━━━━━ Supplied information ━━━━━

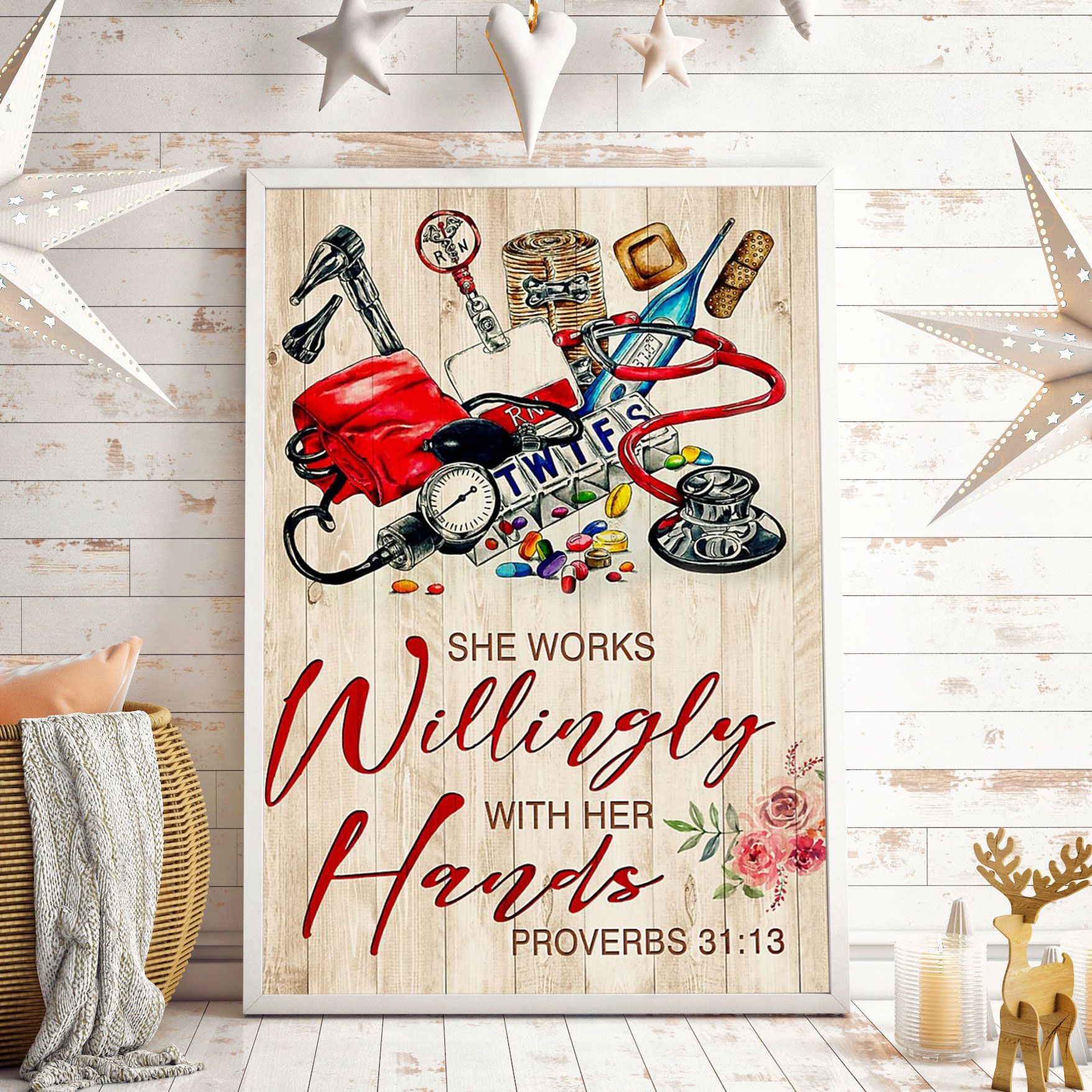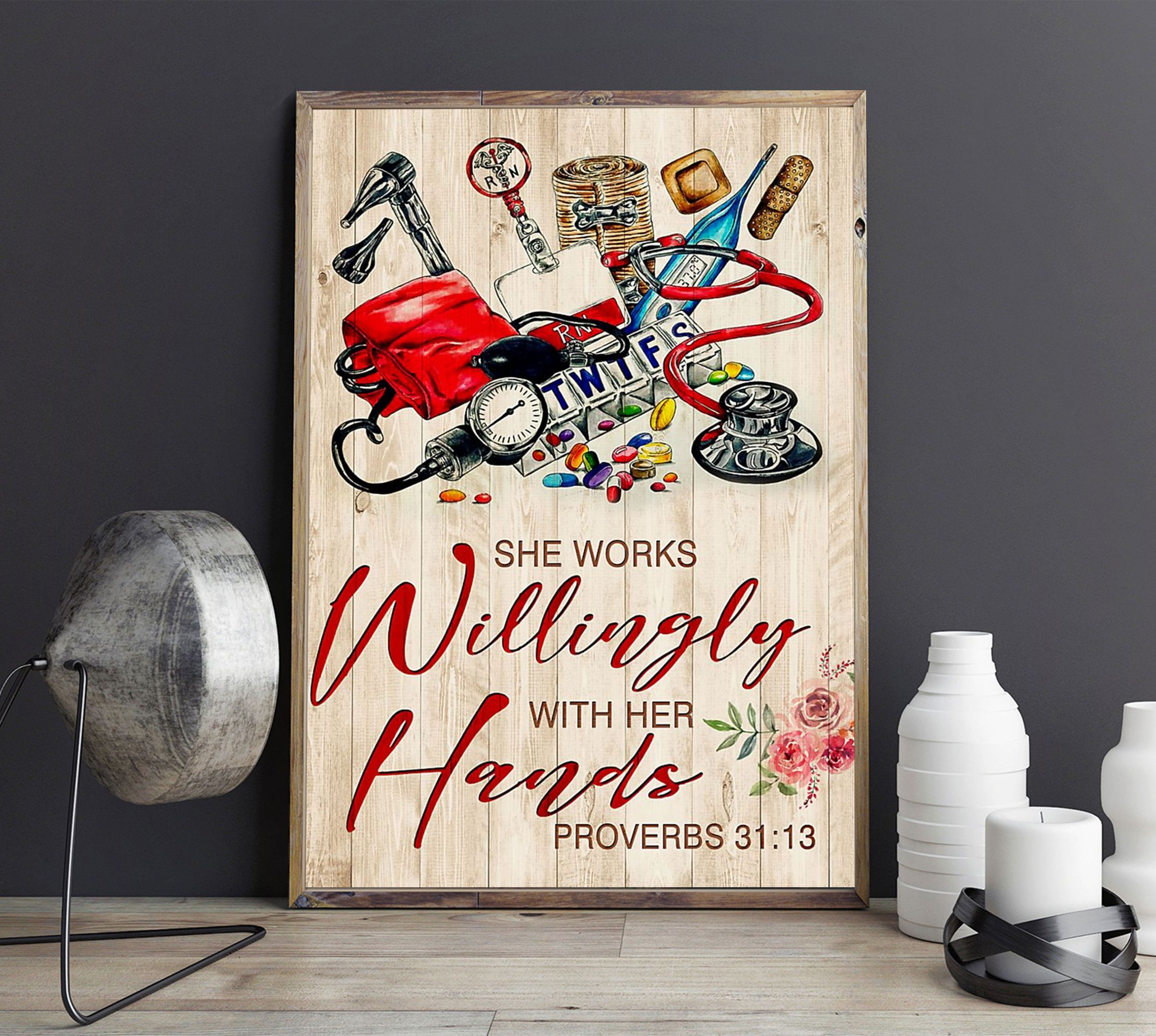She Works Willingly With Her Hands Proverbs Esther Vertical Poster
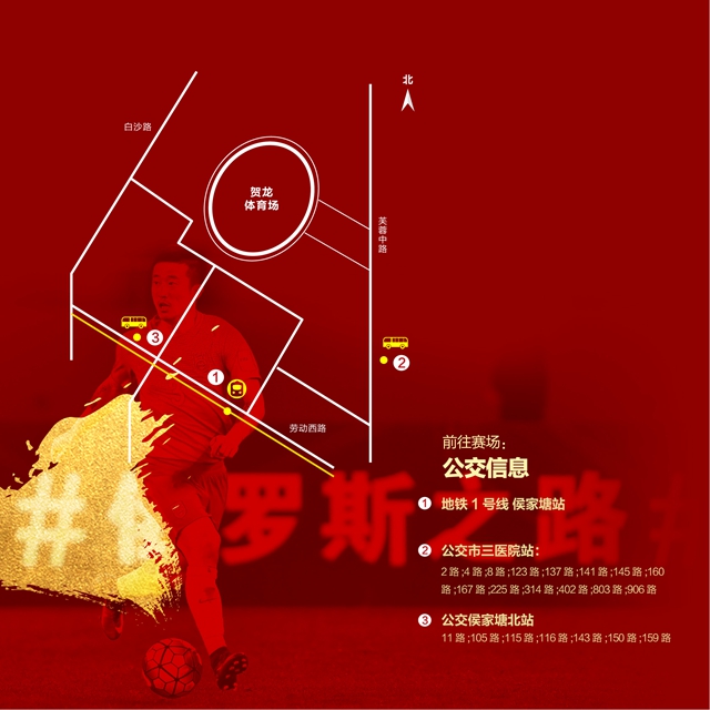 检票开始时间为17:30左右,组委会建议球迷不迟于18:30到达贺龙体育场,观赛球迷最好从体育场东门、南门入场。东门入口紧临芙蓉中路,南门入口紧临劳动西路。
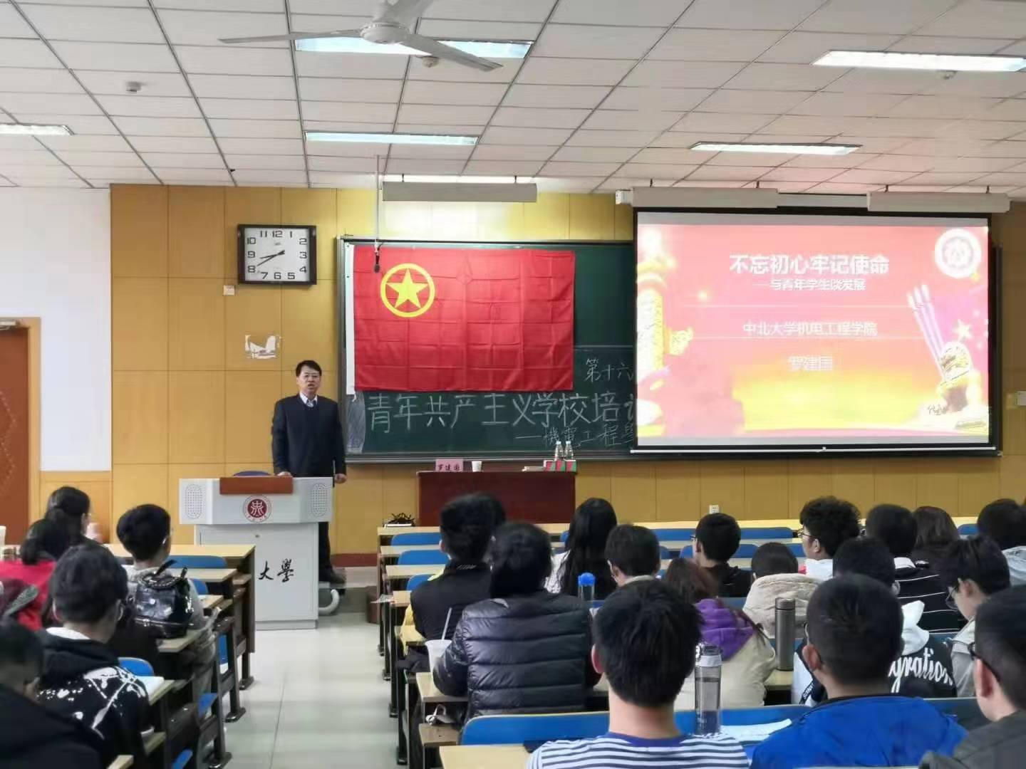 上午8时青工校培训开班典礼开始,全体参会人员奏唱国歌。之后,李晶晶老师做动员讲话,并向上一任学生干部颁发聘书。接着,团委副书记张鑫泽代表学生干部发言,干部代表张程皓带领大家宣誓。最后,主持人宣读青年共产主义学校培训细则。青工校培训正式开始。

━━━━━

* **Task to complete**: This task calls for an exact copy of the data above, without pictures.

* **Exercise result**:
She Works Willingly With Her Hands Proverbs Esther Vertical Poster
 检票开始时间为17:30左右,组委会建议球迷不迟于18:30到达贺龙体育场,观赛球迷最好从体育场东门、南门入场。东门入口紧临芙蓉中路,南门入口紧临劳动西路。
 上午8时青工校培训开班典礼开始,全体参会人员奏唱国歌。之后,李晶晶老师做动员讲话,并向上一任学生干部颁发聘书。接着,团委副书记张鑫泽代表学生干部发言,干部代表张程皓带领大家宣誓。最后,主持人宣读青年共产主义学校培训细则。青工校培训正式开始。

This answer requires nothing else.